A man must leave for a business trip for a full month. knowing that his wife has a large sexual appetite, he stops at a sex shop to find something to keep her satisfied while he is gone. He explains this to the man at the shop and he said "Ive got just the thing!"
He goes in the back and returns with an old wooden box. He opens it to reveal a beautiful red dildo. "This is a voodoo dildo, you simply say what you want it to do, where you want it to go, and it does."
To demonstrate he says "voodoo dildo, doorknob." the dildo flies out of its box, through the air to the doorknob, and starts fucking the keyhole.

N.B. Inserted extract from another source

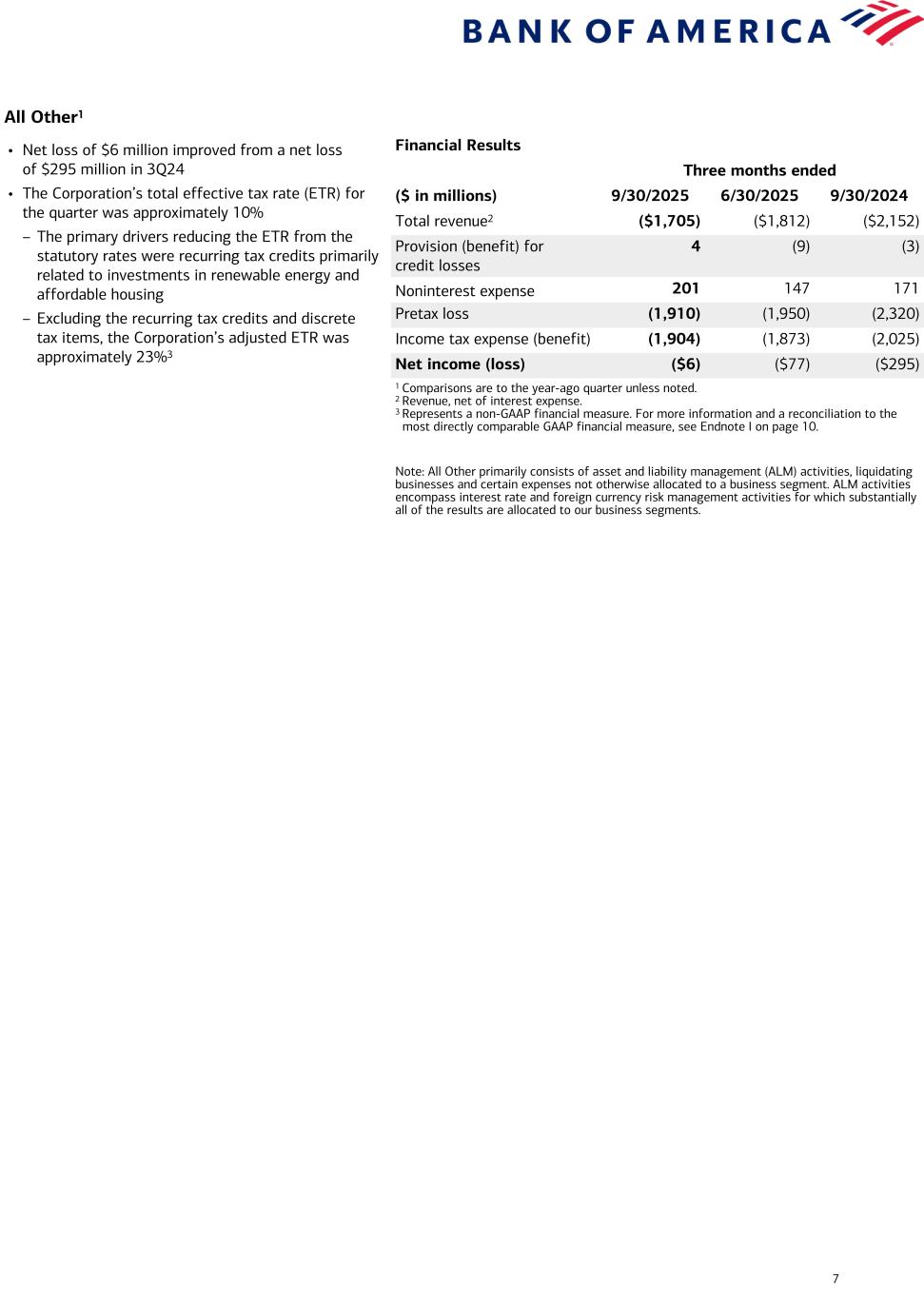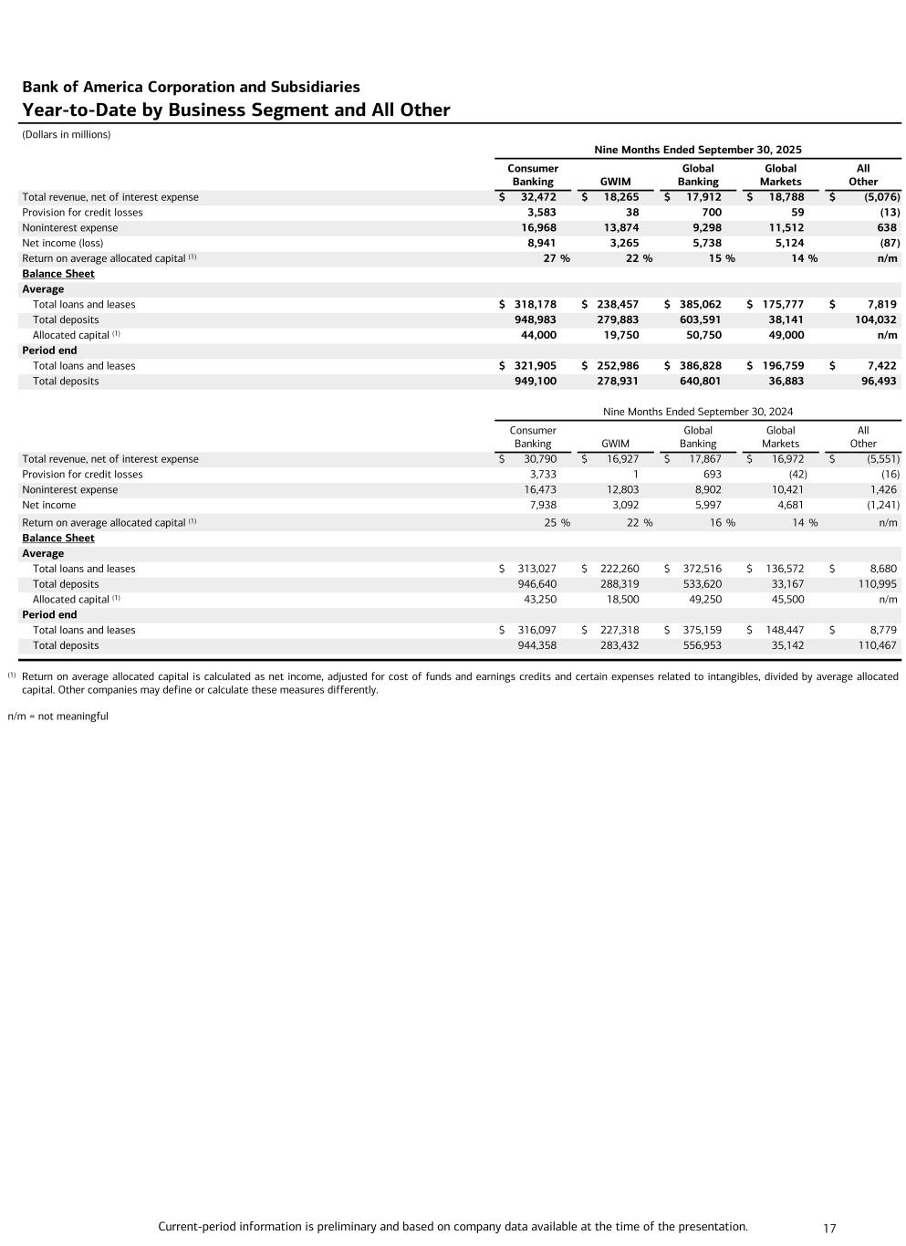 Current-period information is preliminary and based on company data available at the time of the presentation. 16 Bank of America Corporation and Subsidiaries Quarterly Results by Business Segment and All Other (Dollars in millions) Third Quarter 2025 Consumer Banking GWIM Global Banking Global Markets All Other Total revenue, net of interest expense $ 11,166 $ 6,312 $ 6,245 $ 6,224 $ (1,705) Provision for credit losses 1,009 4 269 9 4 Noninterest expense 5,575 4,622 3,044 3,895 201 Net income 3,437 1,265 2,126 1,647 (6) Return on average allocated capital (1) 31 % 26 % 17 % 13 % n/m Balance Sheet Average Total loans and leases $ 320,297 $ 245,523 $ 388,482 $ 190,994 $ 7,739 Total deposits 947,414 276,534 631,560 37,588 98,338 Allocated capital (1) 44,000 19,750 50,750 49,000 n/m Period end Total loans and leases $ 321,905 $ 252,986 $ 386,828 $ 196,759 $ 7,422 Total deposits 949,100 278,931 640,801 36,883 96,493 Second Quarter 2025 Consumer Banking GWIM Global Banking Global Markets All Other Total revenue, net of interest expense $ 10,813 $ 5,937 $ 5,690 $ 5,980 $ (1,812) Provision for credit losses 1,282 20 277 22 (9) Noninterest expense 5,567 4,593 3,070 3,806 147 Net income (loss) 2,973 993 1,699 1,528 (77) Return on average allocated capital (1) 27 % 20 % 13 % 13 % n/m Balance Sheet Average Total loans and leases $ 319,142 $ 237,377 $ 387,864 $ 176,368 $ 7,702 Total deposits 951,986 276,825 603,410 38,040 103,500 Allocated capital (1) 44,000 19,750 50,750 49,000 n/m Period end Total loans and leases $ 320,908 $ 241,142 $ 390,691 $ 187,357 $ 6,958 Total deposits 954,373 275,778 643,529 38,232 99,701 Third Quarter 2024 Consumer Banking GWIM Global Banking Global Markets All Other Total revenue, net of interest expense $ 10,418 $ 5,762 $ 5,834 $ 5,630 $ (2,152) Provision for credit losses 1,302 7 229 7 (3) Noninterest expense 5,534 4,340 2,991 3,443 171 Net income 2,687 1,061 1,895 1,548 (295) Return on average allocated capital (1) 25 % 23 % 15 % 14 % n/m Balance Sheet Average Total loans and leases $ 313,781 $ 225,355 $ 371,216 $ 140,806 $ 8,570 Total deposits 938,364 279,999 549,629 34,952 117,804 Allocated capital (1) 43,250 18,500 49,250 45,500 n/m Period end Total loans and leases $ 316,097 $ 227,318 $ 375,159 $ 148,447 $ 8,779 Total deposits 944,358 283,432 556,953 35,142 110,467 (1) Return on average allocated capital is calculated as net income, adjusted for cost of funds and earnings credits and certain expenses related to intangibles, divided by average allocated capital. Other companies may define or calculate these measures differently. n/m = not meaningful The Company reports the results of operations of its four business segments and All Other on a fully taxable-equivalent (FTE) basis.

Very impressed, the man buys it and leave it on the bed with a bow and a note for his wife.
After he has left, the wife read the note and was eager to try it out. "Voodoo dildo, my pussy." The dildo flies up, goes under her robe and starts fucking her, she falls onto the bed, writhing in pleasure. After an hour and multiple orgasms, she is beginning to get exhausted, but soon realizes the note didn't mention how to stop it.
In a panic, she grabbed her keys and began driving to the sex shop where her husband found it. Still having mind blowing orgasms, her car was swerving in and out of her lane, and quickly caught he attention of a police officer.
She reluctantly pulled over, and the policeman asked" are you alright maam? What is going on here?" she tried to explain in between gasps and moans of pleasure, "it a.. oh god... voodoo... aaah.... dildo... VOODOO DILDO!" she screamed as she climaxed yet again.
The officer looked at her with a skeptical glance and said, "voodoo dildo my ass!"